> Listed entries:
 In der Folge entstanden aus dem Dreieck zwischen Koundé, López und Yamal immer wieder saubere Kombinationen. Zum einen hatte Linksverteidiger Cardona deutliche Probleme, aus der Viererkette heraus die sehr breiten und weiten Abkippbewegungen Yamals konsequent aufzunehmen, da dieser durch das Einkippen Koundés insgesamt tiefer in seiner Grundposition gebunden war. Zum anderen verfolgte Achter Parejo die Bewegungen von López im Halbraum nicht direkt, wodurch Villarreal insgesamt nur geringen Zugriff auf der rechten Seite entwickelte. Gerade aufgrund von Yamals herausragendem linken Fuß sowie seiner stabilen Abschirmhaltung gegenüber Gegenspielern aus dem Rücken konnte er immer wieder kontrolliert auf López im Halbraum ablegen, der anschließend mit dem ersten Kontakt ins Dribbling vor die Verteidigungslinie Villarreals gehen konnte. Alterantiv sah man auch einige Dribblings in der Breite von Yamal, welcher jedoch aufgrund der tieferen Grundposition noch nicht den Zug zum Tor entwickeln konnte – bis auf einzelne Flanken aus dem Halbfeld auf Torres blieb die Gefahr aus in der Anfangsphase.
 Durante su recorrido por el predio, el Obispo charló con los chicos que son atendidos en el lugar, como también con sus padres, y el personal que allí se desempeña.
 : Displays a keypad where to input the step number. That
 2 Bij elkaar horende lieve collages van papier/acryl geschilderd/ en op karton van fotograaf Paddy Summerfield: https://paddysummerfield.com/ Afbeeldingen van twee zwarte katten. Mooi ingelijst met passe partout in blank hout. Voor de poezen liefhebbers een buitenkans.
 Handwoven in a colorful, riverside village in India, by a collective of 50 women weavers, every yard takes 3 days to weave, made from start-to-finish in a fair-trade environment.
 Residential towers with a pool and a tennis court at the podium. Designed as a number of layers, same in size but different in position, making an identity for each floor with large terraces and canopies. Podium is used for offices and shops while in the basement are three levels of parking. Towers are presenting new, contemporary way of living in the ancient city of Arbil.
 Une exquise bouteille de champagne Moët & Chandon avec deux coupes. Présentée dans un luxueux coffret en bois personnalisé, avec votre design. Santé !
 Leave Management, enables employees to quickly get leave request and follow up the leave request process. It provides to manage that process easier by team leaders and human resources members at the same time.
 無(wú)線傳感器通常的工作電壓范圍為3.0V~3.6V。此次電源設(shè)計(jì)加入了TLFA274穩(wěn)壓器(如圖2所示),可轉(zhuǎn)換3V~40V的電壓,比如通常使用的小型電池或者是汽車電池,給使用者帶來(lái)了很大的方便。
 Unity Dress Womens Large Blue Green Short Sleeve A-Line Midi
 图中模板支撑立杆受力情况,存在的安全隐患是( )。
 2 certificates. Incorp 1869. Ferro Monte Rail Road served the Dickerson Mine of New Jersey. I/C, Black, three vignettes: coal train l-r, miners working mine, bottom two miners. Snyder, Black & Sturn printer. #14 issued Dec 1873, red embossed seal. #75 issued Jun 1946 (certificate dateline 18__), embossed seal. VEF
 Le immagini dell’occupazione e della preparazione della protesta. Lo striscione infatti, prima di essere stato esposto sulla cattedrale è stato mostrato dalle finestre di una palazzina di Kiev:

> Task instructions:
Print exactly the lines from the beginning of the entries through the line with "Handwoven in a". Output nothing more.

> Response to the exercise:
 In der Folge entstanden aus dem Dreieck zwischen Koundé, López und Yamal immer wieder saubere Kombinationen. Zum einen hatte Linksverteidiger Cardona deutliche Probleme, aus der Viererkette heraus die sehr breiten und weiten Abkippbewegungen Yamals konsequent aufzunehmen, da dieser durch das Einkippen Koundés insgesamt tiefer in seiner Grundposition gebunden war. Zum anderen verfolgte Achter Parejo die Bewegungen von López im Halbraum nicht direkt, wodurch Villarreal insgesamt nur geringen Zugriff auf der rechten Seite entwickelte. Gerade aufgrund von Yamals herausragendem linken Fuß sowie seiner stabilen Abschirmhaltung gegenüber Gegenspielern aus dem Rücken konnte er immer wieder kontrolliert auf López im Halbraum ablegen, der anschließend mit dem ersten Kontakt ins Dribbling vor die Verteidigungslinie Villarreals gehen konnte. Alterantiv sah man auch einige Dribblings in der Breite von Yamal, welcher jedoch aufgrund der tieferen Grundposition noch nicht den Zug zum Tor entwickeln konnte – bis auf einzelne Flanken aus dem Halbfeld auf Torres blieb die Gefahr aus in der Anfangsphase.
 Durante su recorrido por el predio, el Obispo charló con los chicos que son atendidos en el lugar, como también con sus padres, y el personal que allí se desempeña.
 : Displays a keypad where to input the step number. That
 2 Bij elkaar horende lieve collages van papier/acryl geschilderd/ en op karton van fotograaf Paddy Summerfield: https://paddysummerfield.com/ Afbeeldingen van twee zwarte katten. Mooi ingelijst met passe partout in blank hout. Voor de poezen liefhebbers een buitenkans.
 Handwoven in a colorful, riverside village in India, by a collective of 50 women weavers, every yard takes 3 days to weave, made from start-to-finish in a fair-trade environment.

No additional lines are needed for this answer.